ランドセル俳人の五・七・五.jpg福短図書館今月の一冊は?(平成26年4月)
担当:学事課 松倉 基晴

書名:『ランドセル俳人の五・七・五』


著者 小林 凜
発行 ブックマン社
2013年4月発行

 

<はじめに>
 福短図書館 今月の一冊は、富山福祉短期大学 学事部 松倉 基晴 学事課長 からご紹介いただいた図書です。11歳の不登校の少年 凜君。俳句との出会いが彼を大きく変えました。どうぞ、ご覧下さい。

 

 

【みどころ】(下記は松倉課長の紹介文です)

 

 ときどき夜中に目が覚めてしまい、その後なかなか寝付けないような時には、枕元のラジオのスイッチを入れる。学生のみなさんには、あまり馴染がないかもしれないが、番組は、NHK「ラジオ深夜便」と大体決まっている。自分は、特に、「明日へのことば」という対談番組が気に入っている。3月31日(月)深夜のオンエアでは、たまたま昨年12月に聞いた番組のアンコール再放送だった。タイトルは「俳句に救われた息子と私」。大阪府岸和田市在住の「ランドセル俳人・小林凛」君の母親の西村史さんと番組スタッフの対談である。

 

 番組では、「ランドセル俳人・小林凛」君の生い立ち(944gで出生)や通っていた小学校での生徒による壮絶ないじめ、その小学校長・教員らの理不尽な対応等が母親の史(ふみ)さんから生々しく語られる(本書に詳細記載あり)。「ランドセル俳人・小林凛」君は、ふとしたことから俳句をつくるようになり、それが毎週約5千通の投稿がある「朝日俳壇」(朝日新聞)で入選(2010年・小3時)、その後も入選を繰り返しているという。
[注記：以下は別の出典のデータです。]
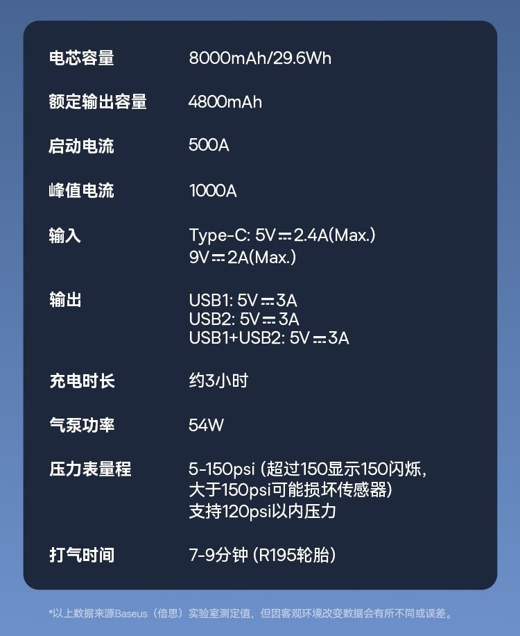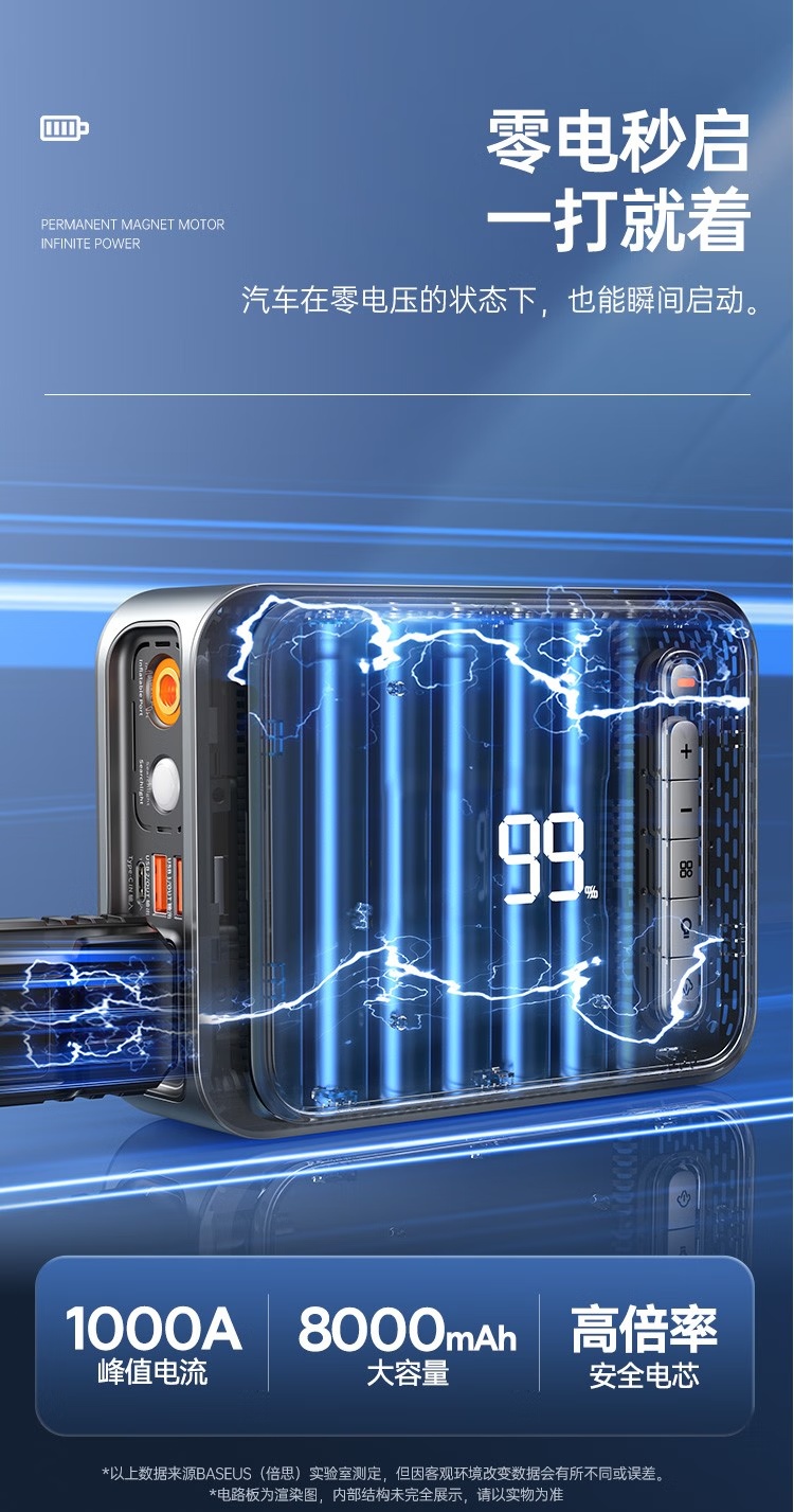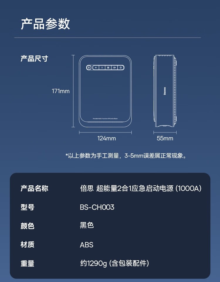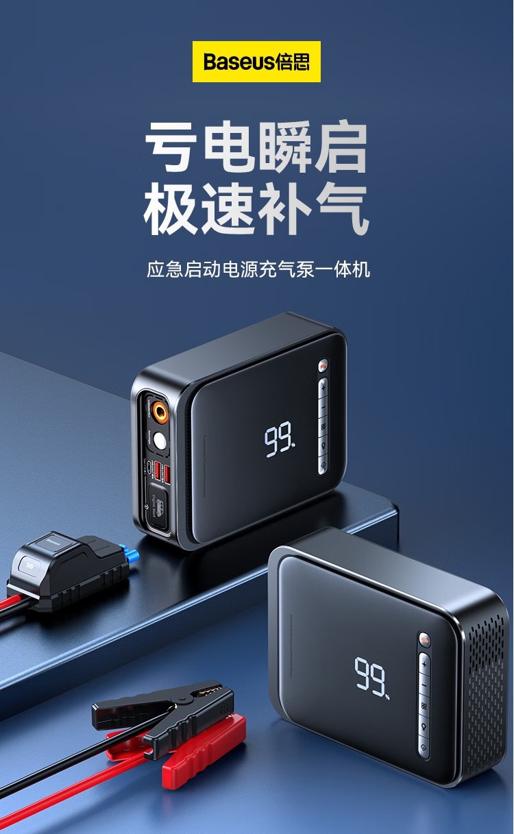 BASEUS/倍思 汽车应急启动电源充气泵一体机户外电源搭电宝汽车电瓶充电器8000mAh BS-CHO03

 世界最短の定型詩・俳句といえば、皆さんは何を思い浮かばれるだろうか?


 ・古池や蛙飛びこむ水の音 (ふるいけや かはづとびこむ みずのおと)

    松尾 芭蕉(まつお ばしょう) 1644 - 1694  
 ・めでたさも中位(ちゆうくらゐ)なりおらが春 小林 一茶(こばやし いっさ) 1763- 1828


 松尾芭蕉や小林一茶の俳句(俳諧)については、中学や高校の教科書で習った人も多いだろう。現代俳句においては、「俳句という最短詩型のはらむ可能性が、さまざまな立場や切り口からさぐられている」(wikipedia)そうだが、「ランドセル俳人・小林凛」君の場合は、5・7・5という定型を踏まえつつも、時にはブーメランやブランコといったカタカナ語も交える「現代俳句」。どの作品に共感をおぼえるかは、読み手によって様々だろうが、この「ランドセル俳人・小林凛」君の感性と想像力の豊かさには、だれもが驚嘆することだろう。やはり、なにか天性の「何か」を持ち合わせているに違いない。

 

・紅葉で 神が染めたる 天地かな (p-7、p-55) 9歳

・万華鏡 小部屋に上がる 花火かな (p-33) 10歳

・かき氷 含めば青き 海となる (p-32) 11歳

 

 最初の二句は朝日歌壇入選作。前者は、繰り広げられる情景のスケールの壮大さが素晴らしい。後者は、子ども部屋の中に展開される小宇宙の広がりが小気味よい。三句目は、入選こそしてはいないが、作者の子供らしい着想と子供らしからぬ想像力(の広がり)のコントラストの妙がここちよく爽快だ。"青いシロップのかき氷を食べていました。口に含むと溶けていく感触で青い海原を思い浮かべました。(p-32作者メモ)" 俳句を鑑賞するときは、声に出して2回読むことで、その俳句の味わいをかみしめる。そうする中で、短い言葉に込められた作者の思いや言葉が紡(つむ)ぎだす情景をより深く味わうこともできる。俳句に触れる時、言葉のもつ「ちから」を感じることができる秘密は、まさに、その言葉の短さにあるのかもしれない。

 

 普段、俳句にはとんと(・・・)縁のない自分だが、ラジオで耳にした番組をきっかけに、あらためて言葉のもつ「ちから」に触れることができたような気がした。日々ネット社会が進化する中、デジタル・ネイティブ(ネット環境で育った世代)も増え、手軽で効率のよいコミュニケーション手段は有効活用したいものだが、時には少し立ち止まって言葉の「ちから」をじっくりと感じることのできる、スローな時間も大切にしたいという方・・・ぜひ、ご一読をお薦めします。